Round two brought me to St. Andrew's United Church on Thursday at noon, where the trio of Maeve, Hillary and Christian were joined by Helen Bequé on piano in a fundraiser for their upcoming trip to Banff. It was a solid hour of opera standards, all stellar. You can hardly have this kind of “opera hits” concert without a mezzo-soprano singing Carmen, and Hillary’s rich, sultry rendition was a standout. I’m always a sucker for patter before an aria, so enjoyed Christian’s self-effacing admission that, yes, the tenor was singing about love again, although it did nothing to diminish the expressive “Una furtiva lagrima” that followed. Likewise Hillary and Maeve joked their duet “Pur ti miro” was a love song between the two absolute worst people. Personally I’d be willing to forgive all manner of villainy after sounds like that. We were in a church after all.
Boor Out of Sorts - Happenstancers
Occasionally I feel like the protagonist in Bob Dylan’s “Ballad of a Thin Man.”2 Something is happening here but you don’t know what it is, do you, Mr. Jones? Such was my experience with The Two Deaths of Ophelia by the Happenstancers on Thursday night. A polar opposite to my lunchtime engagement, the evening seemed designed to throw any non-expert ear off balance, and speaking for the dilettantes in the audience, I think it accomplished that task.
Lacking any notes, commentary, or clear indication of where we were in a program of challenging contemporary music, I felt lost.
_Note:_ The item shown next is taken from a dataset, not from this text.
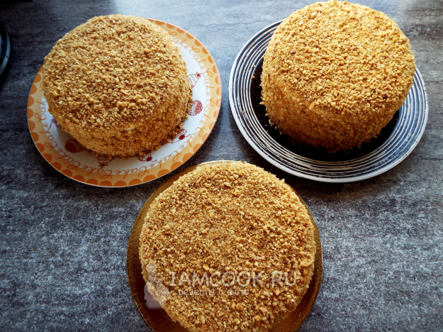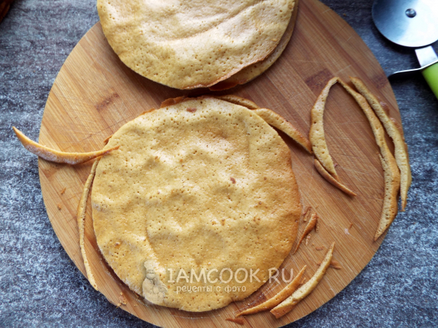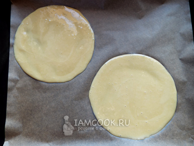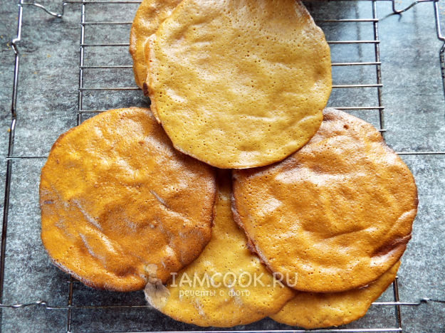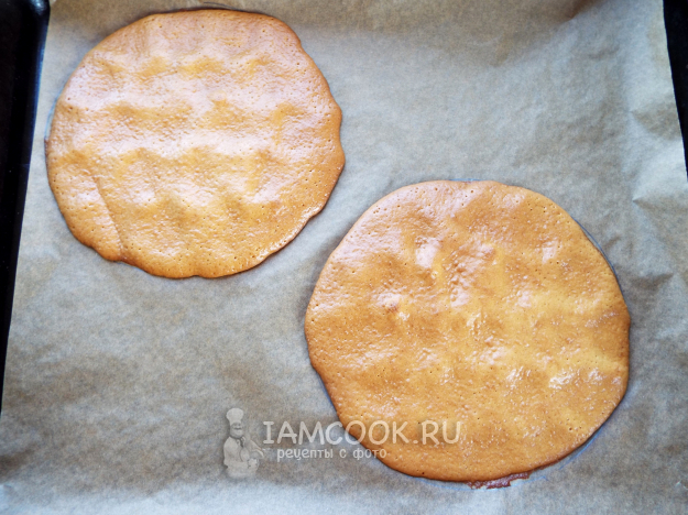 При помощи лопатки переложить коржи на решётку и отправить выпекаться следующую партию.

But that’s not to say I didn’t find some highlights. I found the preludes, Linda Catlin Smith’s “Stare at the River” and “The River”, to have a somber and contemplative quality. “Love Is” was a potent and punchy piece for four voices, interspersed with sharp jabs of spoken word. “Ophelia Sings”, saw Reilly Nelson blaze through an intense and dramatic rendition of the titular character’s seesawing emotions, and was definitely the high point for me.
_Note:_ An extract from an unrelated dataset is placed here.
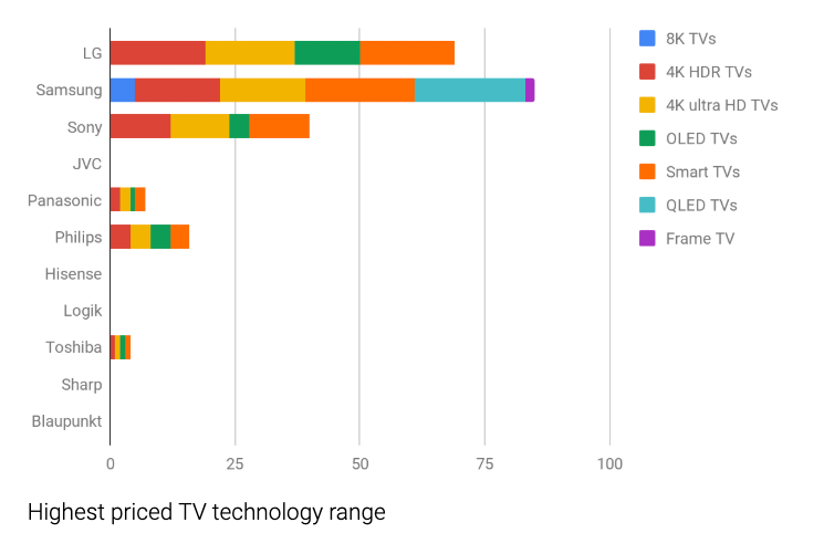 As seen in the graph above LG is the biggest competitor with a bigger range of products. Being Samsung the brand that indexes higher than any other in the high end expensive range.

It took a lot of effort to keep up. At a certain point, like a drowning soprano (sorry Ophelia), I simply stopped struggling and let the tide pull me under. Selections from Ann Southam’s “Rivers” played by Joonchun Cho on piano did eventually wash me ashore with its bubbling melody. I felt like I had my feet back under me for the explosive, jarring finale of Claude Vivier’s “Bouchara”, in which Danika Lorè’s undulating voice and some literal hammer blows from the percussion section just about knocked me flat again.3 I left the venue on Bathurst Street, about three hours after my arrival, feeling stunned and a bit concerned I might not actually *get* music after all.
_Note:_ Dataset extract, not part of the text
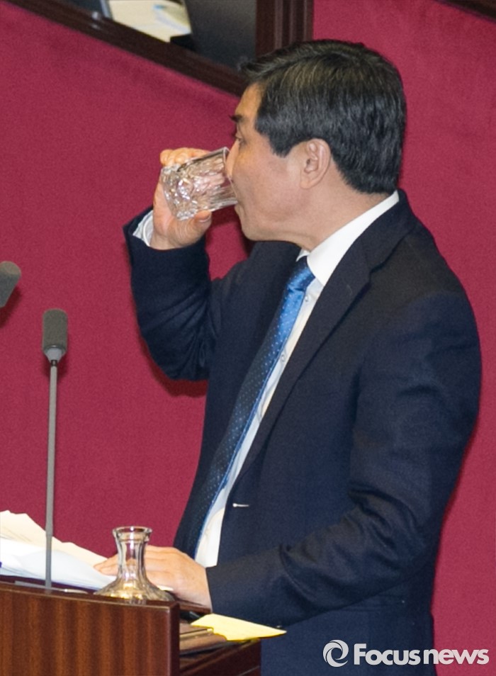 (서울=포커스뉴스) 테러방지법 직권상정에 반발해 야당이 세계 최장 기록의 필리버스터(무제한 토론)를 이어가고 있는 2일 오후 서울 여의도 국회 본회의장에서 토론에 참여한 이종걸 더불어민주당 원내대표가 이석현 국회 부의장의 발언동안 물을 마시고 있다. 야당은 이날 필리버스터를 중단하고 선거법 등을 처리할 예정이다.

Anyway, this is all to say that the “Boor” in my blog’s title is something more than tongue in cheek. I intend to be honest here, and honestly, sometimes I just don't get it. Sometimes I'm the biggest square in the room. But I’m hopeful that if I keep putting myself in the room something will rub off.
I'm still not listening to Pitbull, though.
UP NEXT: Opera Revue! (and others) at the Luminis Vocal Arts Festival
Last seen in this space at A Cabinet of Curiosities 2
Without the “thin” part.
It’s entirely possible I got some those titles wrong.